Drivers for the 2008 season were announced Monday, December 17, to be Toni Gardemeister and Per-Gunnar Andersson. Technical Director Michel Nandan has been replaced by Shusuke Inagaki and Akira Kawada has been appointed as team manager.
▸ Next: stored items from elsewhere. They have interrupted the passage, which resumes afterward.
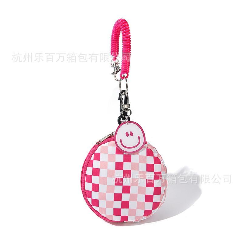 Original design Small change bag, earphone bag, pendant, schoolbag, pendant, checkerboard grid, trendy brand, smiley face, key bag, trendy.
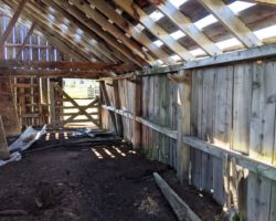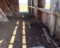 We poked around and discovered a few loose boards; 2 – 20’ 2 x 16, and the top of a feed trough that had been warm smooth and round from the cows. Along with a few more pieces of hardware, we were like kids in a toy store, all giddy with our bounty of booty. We were super dusty from the fine ground cow and swallow poop we had been working in and the dirt and dust we dumped on ourselves when we gathered the boards that had probably been in place for over a century. We were sore, tired, hungry, thirsty, and filthy, and the rigs were riddled with poop, but we were happy as hell.
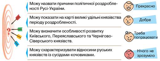 Оцініть свої успіхи в опануванні теми «Роздробленість Русі-України (середина XII — перша половина XIII ст.). Київське, Чернігівське та Переяславське князівства».
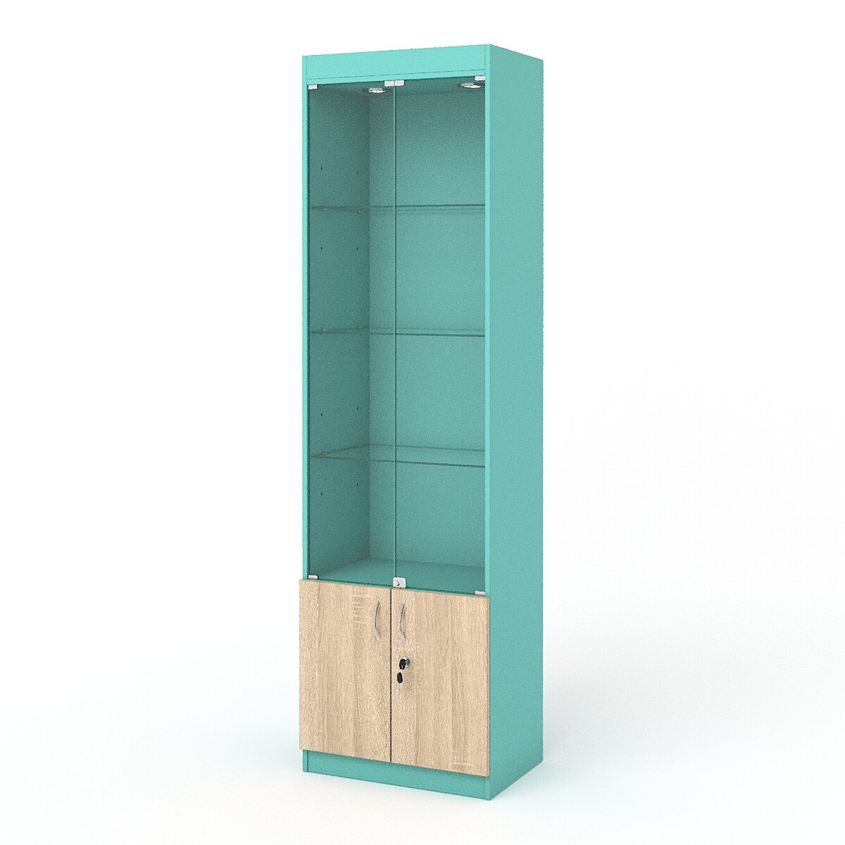 Витрина №1-1-600 (с дверками, задняя стенка - ДВП), Тиффани Аква и Дуб Сонома 60 x 42 x 210 см информация:
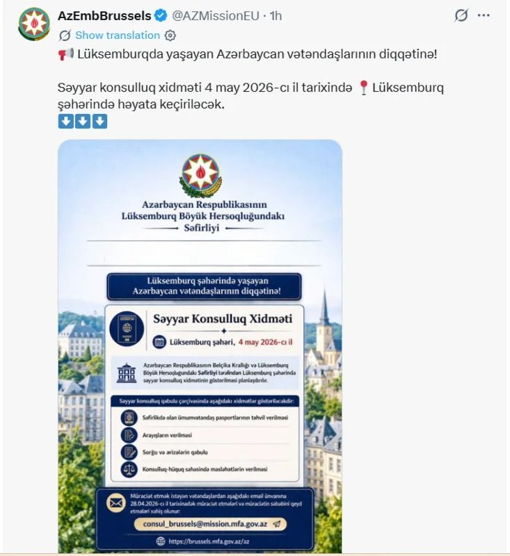 Кроме того, 4 мая будут организованы выездные консульские услуги для граждан Азербайджана, проживающих в Люксембурге. Соответствующей информацией посольство Азербайджана в Бельгии поделилось на своей странице в соцсети Х.
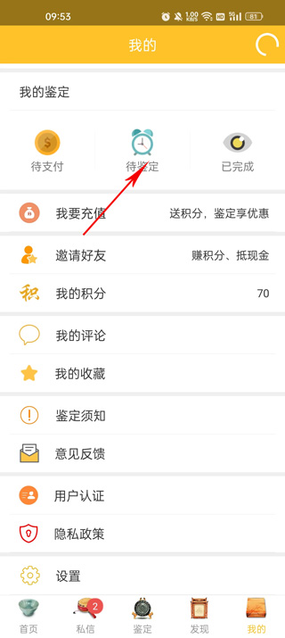5、最后点击进入我的页面,点击待鉴定查看最后的鉴定结果。
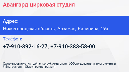 Авангард, цирковая студия по адресу Нижегородская область, Арзамас, Калинина, 19а в дальнейшем Организация, размещена в следующих категориях:

Suzuki scored on their proper debut with Andersson finishing eighth in the 2008 Monte Carlo Rally, with Suzuki getting two points in the manufacturers' title race. In the 2008 Swedish Rally, Gardemeister finished seventh, earning Suzuki three more manufacturers' points. Both of these early races were marred by engine problems due to faulty head gaskets, with Gardemeister retiring from the Monte Carlo Rally and Andersson retiring from the Swedish Rally, before both cars retired from the Rally of Mexico.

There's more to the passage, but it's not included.